What the task asks
The copy you return must begin at the line containing "a hot shower." and end at the final line of the listing below, with every picture left out.

Records to process

---*---

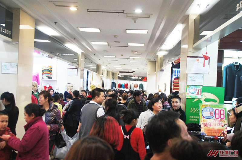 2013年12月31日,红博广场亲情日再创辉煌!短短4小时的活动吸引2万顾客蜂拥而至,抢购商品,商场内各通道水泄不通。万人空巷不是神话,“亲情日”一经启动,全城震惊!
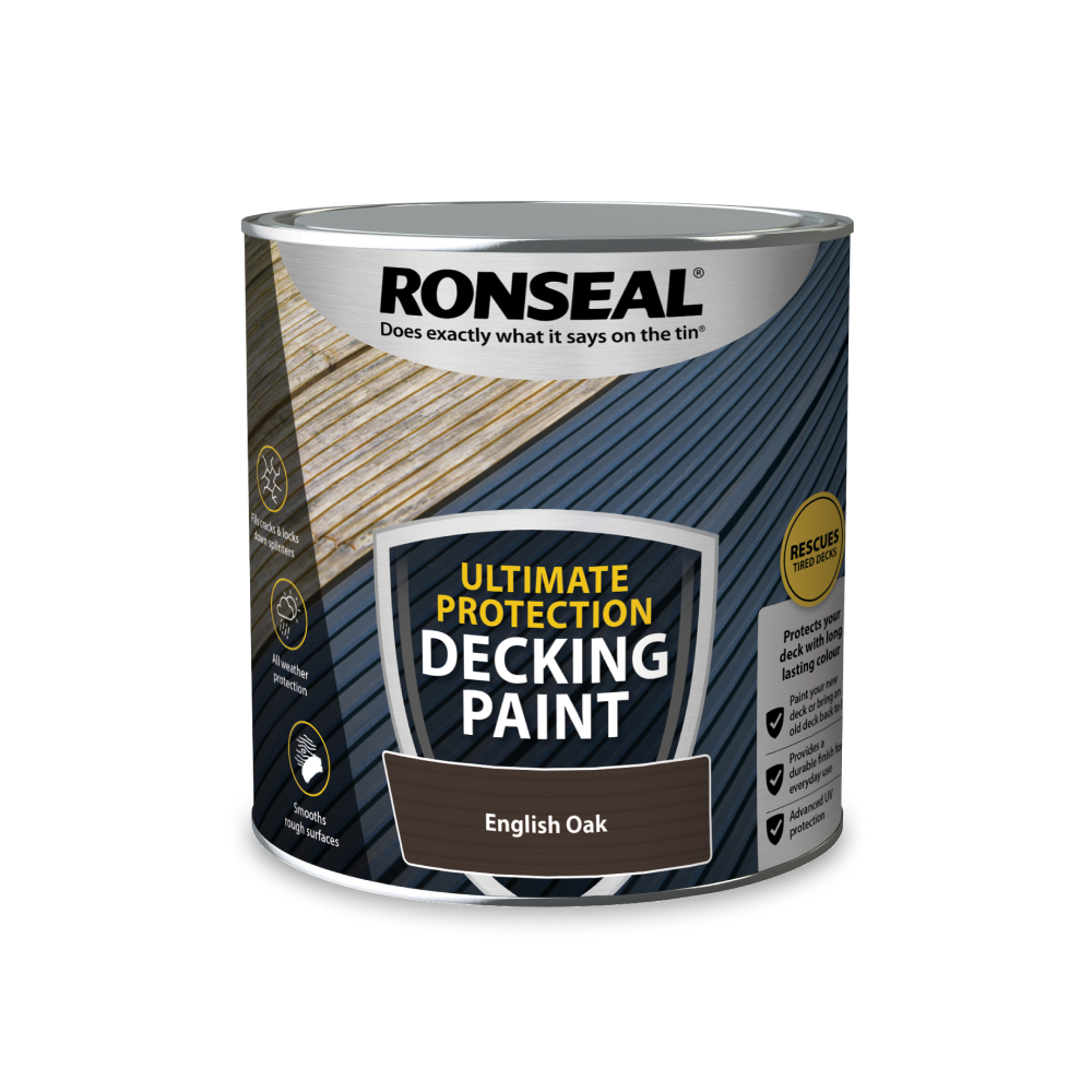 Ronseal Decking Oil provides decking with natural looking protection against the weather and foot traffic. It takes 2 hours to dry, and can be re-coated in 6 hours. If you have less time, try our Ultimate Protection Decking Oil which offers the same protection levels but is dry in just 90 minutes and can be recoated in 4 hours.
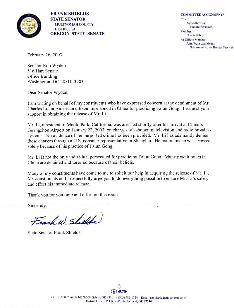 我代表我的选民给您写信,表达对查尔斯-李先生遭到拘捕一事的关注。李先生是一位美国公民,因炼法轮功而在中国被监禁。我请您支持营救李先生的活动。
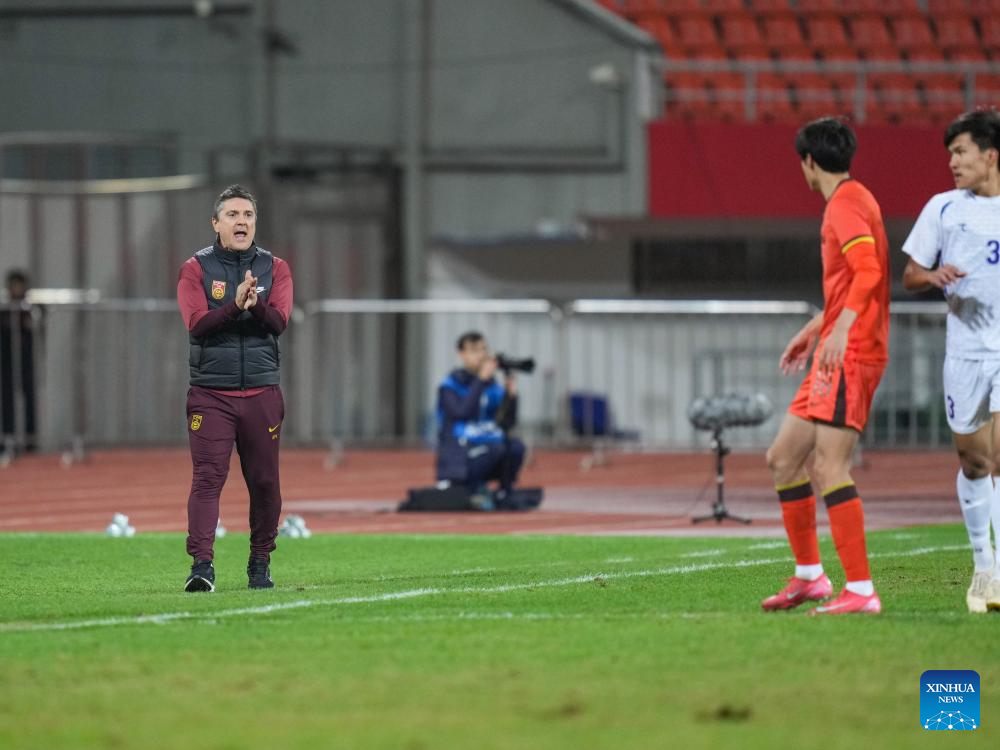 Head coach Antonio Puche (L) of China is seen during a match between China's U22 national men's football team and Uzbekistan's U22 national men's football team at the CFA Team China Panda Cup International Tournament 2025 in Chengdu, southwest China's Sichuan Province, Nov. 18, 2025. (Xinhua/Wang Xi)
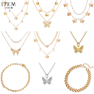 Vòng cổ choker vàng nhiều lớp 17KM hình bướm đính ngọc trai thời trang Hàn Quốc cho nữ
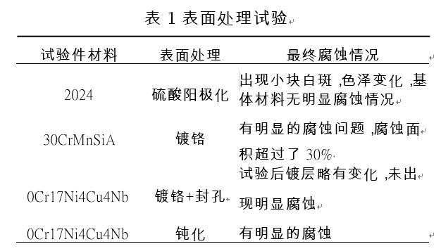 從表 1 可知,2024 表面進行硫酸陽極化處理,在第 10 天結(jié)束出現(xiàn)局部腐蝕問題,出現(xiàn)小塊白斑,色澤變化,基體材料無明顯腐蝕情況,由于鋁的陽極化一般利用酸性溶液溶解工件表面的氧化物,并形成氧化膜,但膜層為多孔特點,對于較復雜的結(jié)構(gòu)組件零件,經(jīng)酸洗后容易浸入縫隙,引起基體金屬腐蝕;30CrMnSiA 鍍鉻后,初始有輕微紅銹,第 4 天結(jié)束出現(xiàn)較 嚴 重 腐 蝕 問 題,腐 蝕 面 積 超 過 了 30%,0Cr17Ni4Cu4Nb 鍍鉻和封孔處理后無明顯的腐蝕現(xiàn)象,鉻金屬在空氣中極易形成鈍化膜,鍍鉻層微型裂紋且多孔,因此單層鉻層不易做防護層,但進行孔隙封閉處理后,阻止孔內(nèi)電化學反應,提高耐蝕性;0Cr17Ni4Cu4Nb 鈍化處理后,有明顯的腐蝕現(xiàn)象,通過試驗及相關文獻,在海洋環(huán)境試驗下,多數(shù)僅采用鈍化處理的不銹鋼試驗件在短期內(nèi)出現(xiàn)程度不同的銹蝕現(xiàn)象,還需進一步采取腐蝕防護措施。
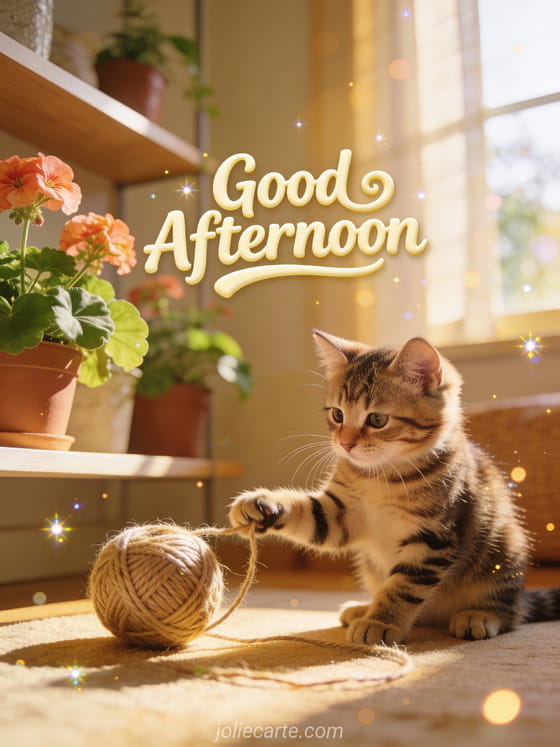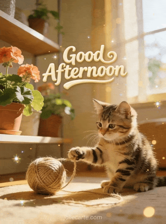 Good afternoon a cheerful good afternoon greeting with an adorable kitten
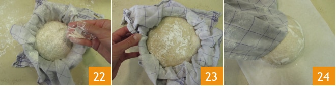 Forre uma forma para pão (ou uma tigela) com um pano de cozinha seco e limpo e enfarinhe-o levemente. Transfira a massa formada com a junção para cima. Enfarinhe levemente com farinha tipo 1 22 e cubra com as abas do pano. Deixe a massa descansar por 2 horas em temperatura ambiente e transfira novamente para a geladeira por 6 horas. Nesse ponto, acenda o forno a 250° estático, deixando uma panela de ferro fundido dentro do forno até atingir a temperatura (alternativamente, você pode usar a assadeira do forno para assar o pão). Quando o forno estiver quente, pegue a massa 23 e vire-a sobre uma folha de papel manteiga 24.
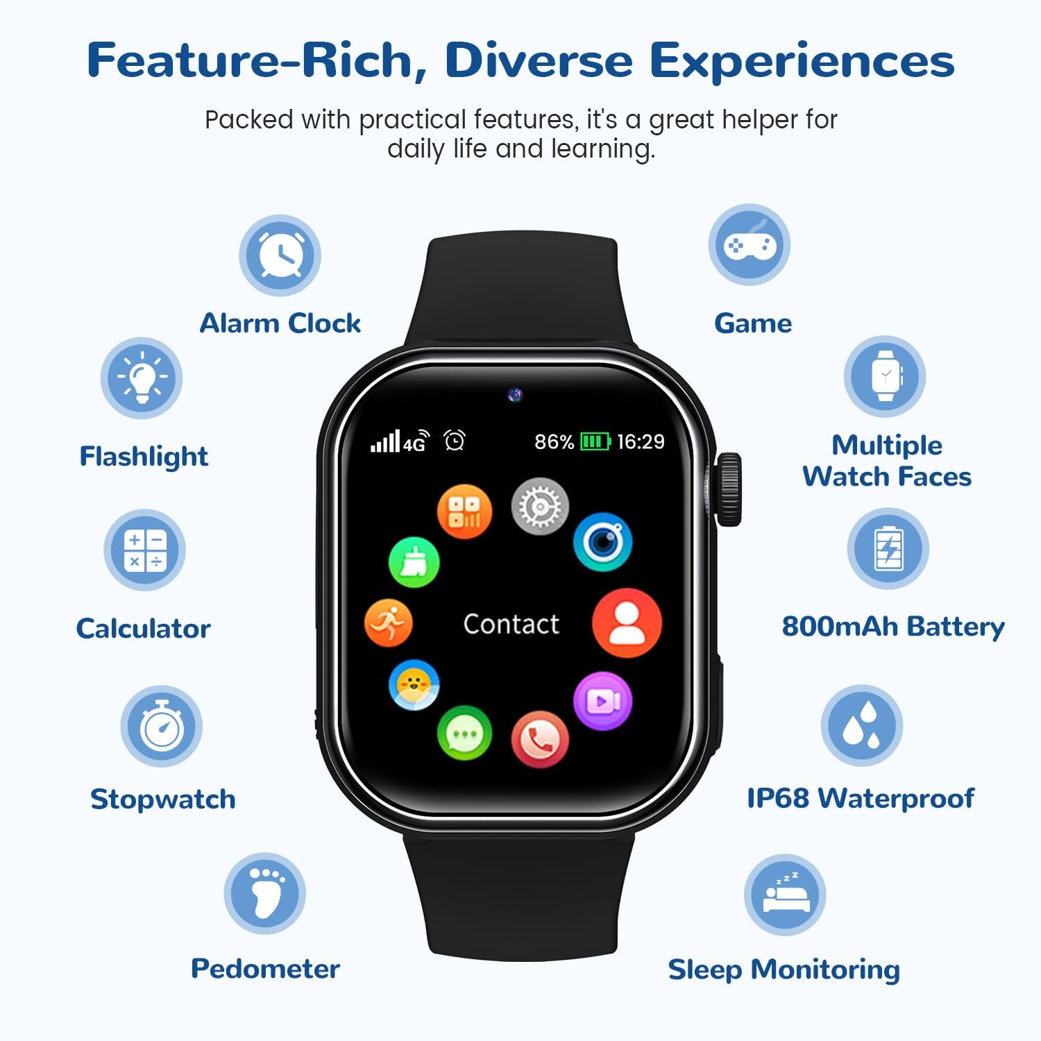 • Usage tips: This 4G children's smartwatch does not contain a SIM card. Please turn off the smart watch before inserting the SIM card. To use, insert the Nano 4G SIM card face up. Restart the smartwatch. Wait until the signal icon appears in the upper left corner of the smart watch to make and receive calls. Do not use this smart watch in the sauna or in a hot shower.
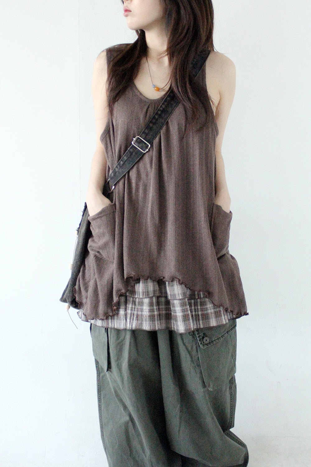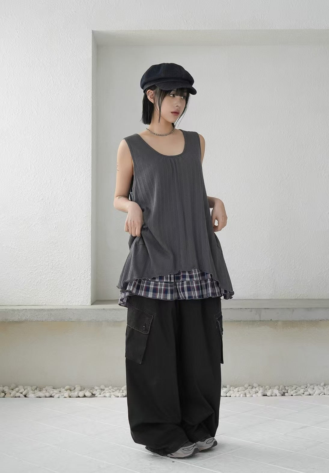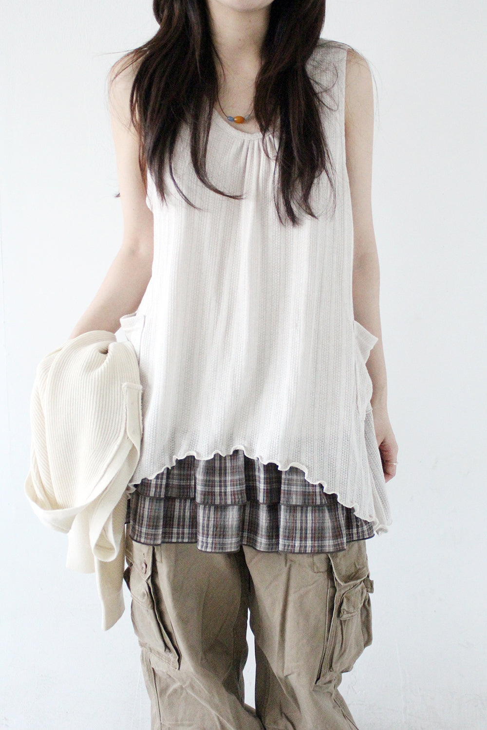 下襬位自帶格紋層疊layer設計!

---*---

Response to this task
 • Usage tips: This 4G children's smartwatch does not contain a SIM card. Please turn off the smart watch before inserting the SIM card. To use, insert the Nano 4G SIM card face up. Restart the smartwatch. Wait until the signal icon appears in the upper left corner of the smart watch to make and receive calls. Do not use this smart watch in the sauna or in a hot shower.
 下襬位自帶格紋層疊layer設計!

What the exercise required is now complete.